### [EXERCISE]
Only the lines from the one containing "华泰股份总是说股价受行业和市" to the end of the records belong in the answer; repeat them exactly and drop the pictures.

__________

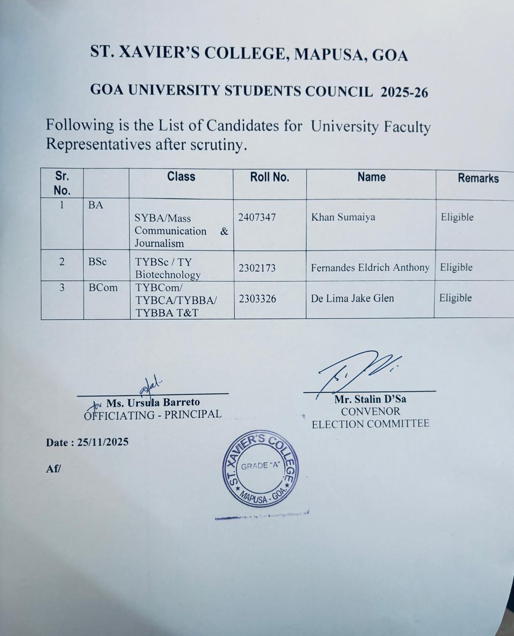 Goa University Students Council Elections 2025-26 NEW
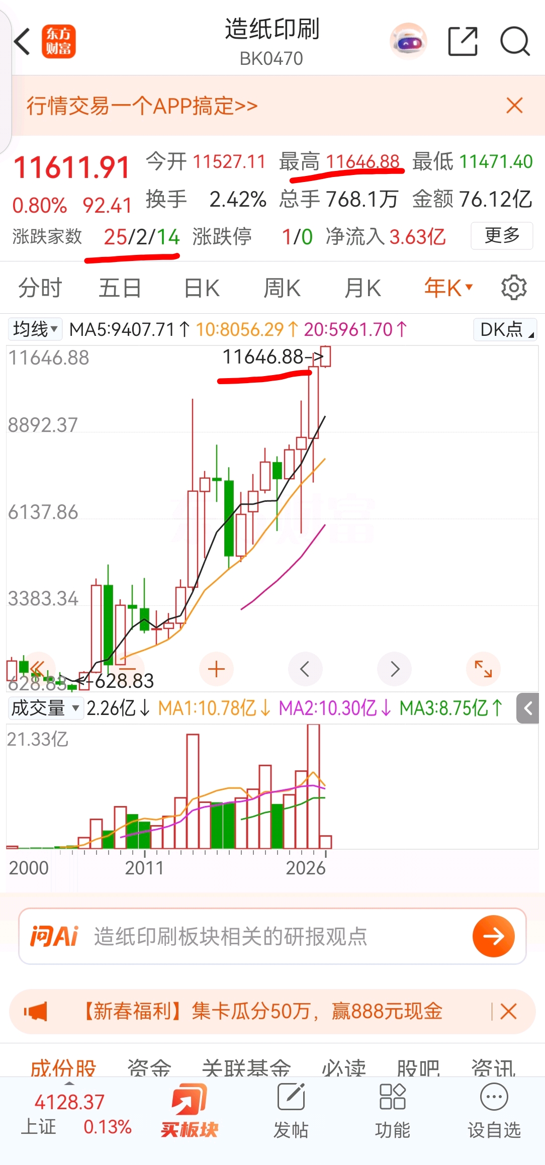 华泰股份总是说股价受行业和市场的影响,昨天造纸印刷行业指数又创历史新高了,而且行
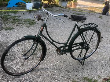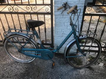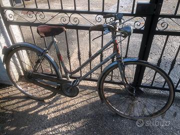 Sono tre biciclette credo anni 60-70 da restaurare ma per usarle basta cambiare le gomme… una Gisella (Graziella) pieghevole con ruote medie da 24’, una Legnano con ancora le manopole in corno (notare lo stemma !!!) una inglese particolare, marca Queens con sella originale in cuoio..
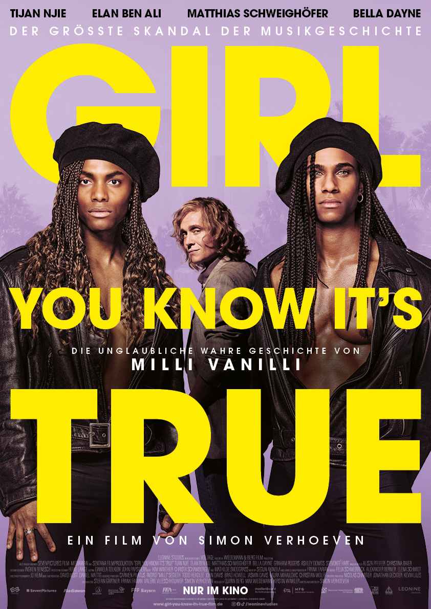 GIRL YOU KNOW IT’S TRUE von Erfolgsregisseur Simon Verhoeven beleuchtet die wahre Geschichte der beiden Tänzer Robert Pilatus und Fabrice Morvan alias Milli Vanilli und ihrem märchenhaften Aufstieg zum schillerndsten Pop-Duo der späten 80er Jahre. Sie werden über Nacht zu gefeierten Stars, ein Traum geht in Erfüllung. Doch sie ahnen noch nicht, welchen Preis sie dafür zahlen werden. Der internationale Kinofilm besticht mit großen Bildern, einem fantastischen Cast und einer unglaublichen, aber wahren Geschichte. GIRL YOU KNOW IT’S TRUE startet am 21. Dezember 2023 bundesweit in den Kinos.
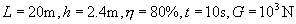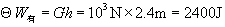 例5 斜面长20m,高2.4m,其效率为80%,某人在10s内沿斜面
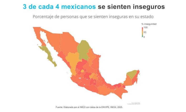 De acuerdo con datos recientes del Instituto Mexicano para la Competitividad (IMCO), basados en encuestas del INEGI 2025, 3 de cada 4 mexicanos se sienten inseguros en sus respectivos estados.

__________

### [RESULT]
 华泰股份总是说股价受行业和市场的影响,昨天造纸印刷行业指数又创历史新高了,而且行
 Sono tre biciclette credo anni 60-70 da restaurare ma per usarle basta cambiare le gomme… una Gisella (Graziella) pieghevole con ruote medie da 24’, una Legnano con ancora le manopole in corno (notare lo stemma !!!) una inglese particolare, marca Queens con sella originale in cuoio..
 GIRL YOU KNOW IT’S TRUE von Erfolgsregisseur Simon Verhoeven beleuchtet die wahre Geschichte der beiden Tänzer Robert Pilatus und Fabrice Morvan alias Milli Vanilli und ihrem märchenhaften Aufstieg zum schillerndsten Pop-Duo der späten 80er Jahre. Sie werden über Nacht zu gefeierten Stars, ein Traum geht in Erfüllung. Doch sie ahnen noch nicht, welchen Preis sie dafür zahlen werden. Der internationale Kinofilm besticht mit großen Bildern, einem fantastischen Cast und einer unglaublichen, aber wahren Geschichte. GIRL YOU KNOW IT’S TRUE startet am 21. Dezember 2023 bundesweit in den Kinos.
 例5 斜面长20m,高2.4m,其效率为80%,某人在10s内沿斜面
 De acuerdo con datos recientes del Instituto Mexicano para la Competitividad (IMCO), basados en encuestas del INEGI 2025, 3 de cada 4 mexicanos se sienten inseguros en sus respectivos estados.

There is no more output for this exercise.